Przygotowany przez PiS program przewiduje zapomogi w wysokości 500 zł na każde drugie i następne dziecko.
Natomiast w odniesieniu do pierwszego dziecka ta kwota przysługiwałaby, jeżeli dochód rodziny w przeliczeniu na osobę nie przekraczałby kwoty 800 zł, lub kwoty 1200 zł, jeżeli którekolwiek z dzieci jest dzieckiem niepełnosprawnym. Program ma w założeniu zwiększyć dzietność, a w drugiej kolejności poprawić sytuację polskich rodzin.
Zdaniem ministra finansów Pawła Szałamachy, realizacja programu "500 zł na dziecko" może wymagać "pewnego kwotowego" zwiększania deficytu budżetowego. "Instytut Ekonomiczny Narodowego Banku Polskiego oceniał, że ogólna kwota tego programu będzie wynosiła ok. 15,5 mld zł rocznie.

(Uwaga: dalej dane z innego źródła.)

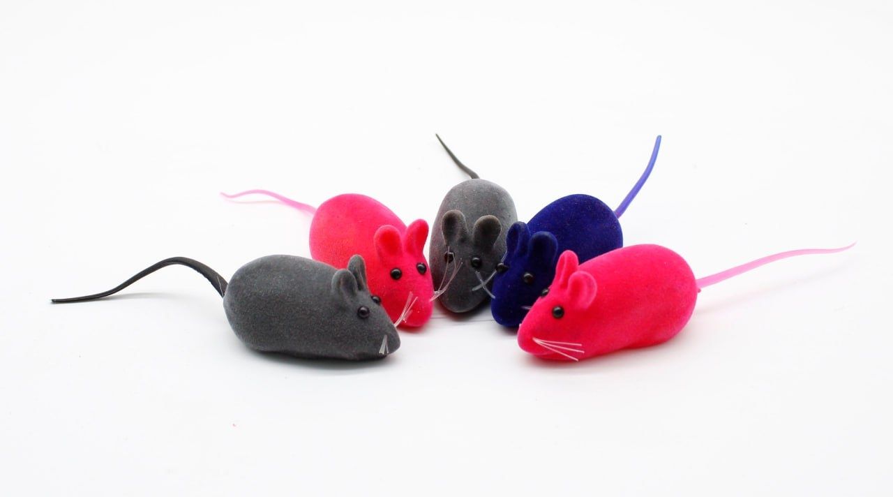 Миша для кішок 6 см велюрова з пищалкою, набір 5 шт

My uważamy, że można sfinansować ten program z dodatkowych źródeł, które proponowaliśmy w naszym programie, czyli podatków sektorowych od banków i od supermarketów, lekko zwiększając wpływy z dywidend, powiększając ściągalność VAT-u, czy likwidując zakres wyłudzeń zwrotu VAT-u" - powiedział w poniedziałek dziennikarzom. Mówiąc o możliwym zwiększeniu deficytu wymienił kwotę 1-1,5 mld zł.
W całej Unii Europejskiej państwa członkowskie realizują różne formy wsparcia rodziców w wychowaniu i utrzymaniu dzieci; mogą być bezwarunkowe, jak jeszcze do niedawna becikowe w Polsce, czy też warunkowane dochodami na osobę w rodzinie albo wiekiem dziecka. W większości krajów dodatki rosną z liczbą potomstwa.
Świadczenia na dzieci mają różne cele - tam, gdzie są warunkowane kryterium dochodowym, pomagają opiekunom w utrzymaniu i wychowaniu dzieci. Głównym zadaniem tych bezwarunkowych jest wspieranie dzietności i zachęcanie do potomstwa.
Najbardziej rozbudowane systemy wsparcia rodzin i najwyższe dodatki z tytułu posiadania dzieci są w Danii, Luksemburgu, Niemczech i Francji. Najniższe mają Grecja, Rumunia, Litwa i Bułgaria.